冷艳的声音砸向屋内,对面那人却用惊恐而捉摸不透的眼神望着她
顷刻之间
他缓缓的将面纱取下,露出他快要腐烂的脸庞,脸上的疲惫和在集市上的轻悦感完全相反
似乎...骨架也大了不少。
“怎么办!这脸怎么成这样了!你不是说过不会有副作用吗?”
“是不会...可...”
冷艳的声音再次传来,完全不顾李福的着急,看着他泛红的脸颊,陷入沉思...
“你倒是快想想办法呀!”
“快想想、姿曼”
双手捏着她的肩膀不停摇晃,晃得她烦闷焦躁
抓起李福的手腕往后一甩,一个后空翻将他撂倒在桌子上、随后沿着桌面摔在地上
可惜呀!上好茶几碎了一地。
李福躺在地上气急败坏的扶腰叫喊道:
“黎姿曼、老子不干了!,你...你把我的脸还给我,这破卖东西谁想...啊!!!”
话还没说完,黎姿曼就欺身压下来,手重重的捏在他那快要烂透的脸颊上,恶狠狠道:
“要不是我受了伤、你还有利用价值,要不然...你算什么东西?”
手在李福的脸上反复摩擦
她看着他...
不知从什么时候开始,往日的柔情和纯粹完全消失
同一张脸,不同人罢了、也都怪当时的自己...
李福的手轻轻举起,想再抚摸一下这熟悉而陌生的脸孔,试图让她回忆起之前,却不料被她一句话狠狠击破
“要想她好好的,就按我说的去做,要怪也怪你自己,演什么花天酒地的戏码”
说完撇他一眼,看穿的眼神中扬起满是嘲讽是嘴角
“后悔了也没用,你没有回头路了”
无名指不动声色勾住他脸颊烂肉一角
嘴巴拧在一起用力一甩......
“啊啊啊!!~”
一张带着沸血的活人脸皮!
冲进黑夜,溅出来的液体,像是要把整个房屋都吞噬一般的灼热
......
“师傅,那箱子里装的东西?”
回想起方才忙时,李福神秘将一物品放入其中,形状怪异,弯弯的、像是还未完成刻画的某种物品,总觉得熟悉。
奈何离得太远不知其奥秘,刚要看个真切、
确......
“师傅?”
“眩一”
突然停下步子、深呼一口气,略一迟疑把腰侧鞭子取下拿到他面前,抬起那八字眉慎重道;
“我要去一趟刘府,你不必跟着速回客栈,如果遇到突发情况,便用来护身”
“遵命!”
“另外......”
陆欢捏了捏衣角、眼底掠过一瞬柔和,这转换未免也太快了,后面是什么意思,看的古眩一糊里糊涂的
“那位公子如果醒了,准备些吃食,留住他等我回来问个清楚。

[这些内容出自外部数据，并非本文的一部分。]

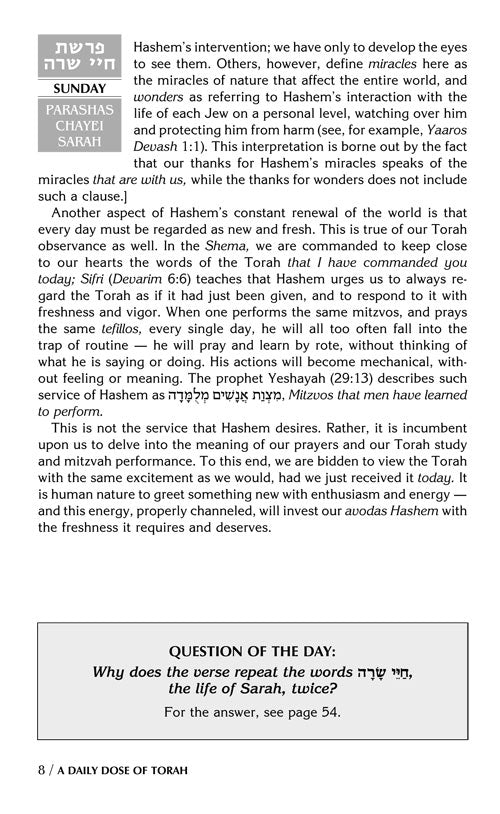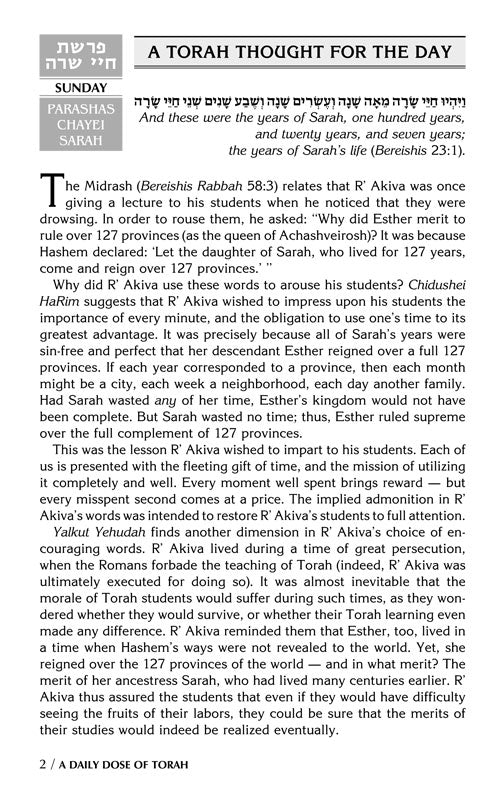 Vol. II Weeks of Chayei Sarah to Vayishlach - For people who want the stimulation of classic Torah sources every single day. Even if you have a regular learning program, A Daily Dose will add more learning and excitement to your day - every day! This 2nd volume provides another 4 weeks of provocative and enjoyable Daily Doses of Torah study, for the weeks of Chayei Sarah to Vayishlach. Each day's learning program includes: A Torah Thought for the Day, Mishnah of the Day, Gems from the Gemara, A Mussar Thought for the Day, Halachah of the Day, A Closer Look at the Siddur, Question for the Day and a Taste of Lomdus once a week.

”
交代完之后,略微空荡的巷子只剩下一人一鞭...
抱着沉重的心思回到客栈,今天好不热闹,即使这么晚了大厅依旧坐满了人
透过窗户还隐约能看见最高点闪烁红光的孔明灯
瞧这般景色,心中的沉闷好似得到了些许缓解
“小公子这是才游玩回来嘛,要不要小的去准备些吃食,沐浴什么的?”
“你这小二还怪会来事,怪不得就你家生意最好”
一听这话牙呲得更厉害了,斜着眼去瞧柜台里的老板,想立功的心藏都藏不住,又把腰弯得更狠了,嬉笑道;
“我们店遵循的就是以客人为主,定是不得怠慢的”
古眩一从腰间拿出一锭银子,大气的扔到他手里
“沐浴什么的先稍稍,一个时辰后把你们店有名的小菜来上几份”
收了银子,连声道好的去邀功了
刚到二楼,古眩一定睛一看...
方才的暖意还没来得及感受便被开着的房门撞个破碎
快速的进去查看,人不见了!!!
被子还有温度许是离开不久,打开窗户查看,空巷才零零散散几人。
“小二!!!”
“诶诶!来咯...”
看着眼前着急的人,不明所以的小二以为是招贼了,擦擦额头的汗水
“可是丢了什么东西?”
“人...房间里的人,有没有看见一位穿白衣的公子出去?”
“人?白衣?”
小二仔细回想,不论住宿还是吃饭,有几个,来了几个走了几个都一清二楚,这是做店家的看家功夫
但刚才好像并未有穿白衣之人出去,看着眼前这人急得很,不仅在心里默默吐槽,一个大活人,又不是小孩子或不能自理至于嘛...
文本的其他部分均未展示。